_Exercise_
Return the data below exactly, but only from the line containing "Despite being only" through the line containing "アルミが熱を反射し、内側に戻すことで効率的に保温効果を高めます。", with both of those lines included.

_Dataset excerpts_
━━━━━━━━━━━━━━━━

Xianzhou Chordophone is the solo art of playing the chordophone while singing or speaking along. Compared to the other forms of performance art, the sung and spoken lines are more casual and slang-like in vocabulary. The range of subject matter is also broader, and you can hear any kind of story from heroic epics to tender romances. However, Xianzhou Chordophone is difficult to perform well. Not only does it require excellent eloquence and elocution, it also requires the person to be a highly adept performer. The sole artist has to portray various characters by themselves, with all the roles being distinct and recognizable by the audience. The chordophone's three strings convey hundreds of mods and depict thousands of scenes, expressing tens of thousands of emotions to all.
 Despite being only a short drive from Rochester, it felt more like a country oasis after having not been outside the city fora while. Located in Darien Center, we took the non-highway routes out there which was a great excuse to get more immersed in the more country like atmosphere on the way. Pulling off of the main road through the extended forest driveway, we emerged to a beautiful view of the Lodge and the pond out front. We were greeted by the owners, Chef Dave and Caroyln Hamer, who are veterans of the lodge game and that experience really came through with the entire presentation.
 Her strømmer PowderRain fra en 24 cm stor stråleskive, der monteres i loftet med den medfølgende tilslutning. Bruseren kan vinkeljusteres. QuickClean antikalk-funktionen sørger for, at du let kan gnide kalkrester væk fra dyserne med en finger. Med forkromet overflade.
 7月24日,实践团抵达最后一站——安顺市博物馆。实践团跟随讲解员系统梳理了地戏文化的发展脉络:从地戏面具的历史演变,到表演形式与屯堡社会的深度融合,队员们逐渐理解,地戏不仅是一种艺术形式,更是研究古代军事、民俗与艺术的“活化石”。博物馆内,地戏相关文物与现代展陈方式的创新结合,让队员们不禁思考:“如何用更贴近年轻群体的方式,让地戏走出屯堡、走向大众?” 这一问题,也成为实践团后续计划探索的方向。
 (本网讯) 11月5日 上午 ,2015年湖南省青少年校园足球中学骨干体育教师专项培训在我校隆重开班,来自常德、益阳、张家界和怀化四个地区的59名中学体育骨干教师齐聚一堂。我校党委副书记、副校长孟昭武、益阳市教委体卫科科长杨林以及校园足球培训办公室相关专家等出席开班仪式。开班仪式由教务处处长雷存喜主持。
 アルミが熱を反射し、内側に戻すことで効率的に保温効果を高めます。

━━━━━━━━━━━━━━━━

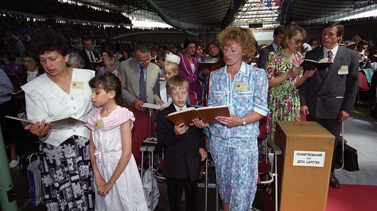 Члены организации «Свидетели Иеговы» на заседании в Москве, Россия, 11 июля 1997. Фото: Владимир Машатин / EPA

━━━━━━━━━━━━━━━━

_Solved exercise_
 Despite being only a short drive from Rochester, it felt more like a country oasis after having not been outside the city fora while. Located in Darien Center, we took the non-highway routes out there which was a great excuse to get more immersed in the more country like atmosphere on the way. Pulling off of the main road through the extended forest driveway, we emerged to a beautiful view of the Lodge and the pond out front. We were greeted by the owners, Chef Dave and Caroyln Hamer, who are veterans of the lodge game and that experience really came through with the entire presentation.
 Her strømmer PowderRain fra en 24 cm stor stråleskive, der monteres i loftet med den medfølgende tilslutning. Bruseren kan vinkeljusteres. QuickClean antikalk-funktionen sørger for, at du let kan gnide kalkrester væk fra dyserne med en finger. Med forkromet overflade.
 7月24日,实践团抵达最后一站——安顺市博物馆。实践团跟随讲解员系统梳理了地戏文化的发展脉络:从地戏面具的历史演变,到表演形式与屯堡社会的深度融合,队员们逐渐理解,地戏不仅是一种艺术形式,更是研究古代军事、民俗与艺术的“活化石”。博物馆内,地戏相关文物与现代展陈方式的创新结合,让队员们不禁思考:“如何用更贴近年轻群体的方式,让地戏走出屯堡、走向大众?” 这一问题,也成为实践团后续计划探索的方向。
 (本网讯) 11月5日 上午 ,2015年湖南省青少年校园足球中学骨干体育教师专项培训在我校隆重开班,来自常德、益阳、张家界和怀化四个地区的59名中学体育骨干教师齐聚一堂。我校党委副书记、副校长孟昭武、益阳市教委体卫科科长杨林以及校园足球培训办公室相关专家等出席开班仪式。开班仪式由教务处处长雷存喜主持。
 アルミが熱を反射し、内側に戻すことで効率的に保温効果を高めます。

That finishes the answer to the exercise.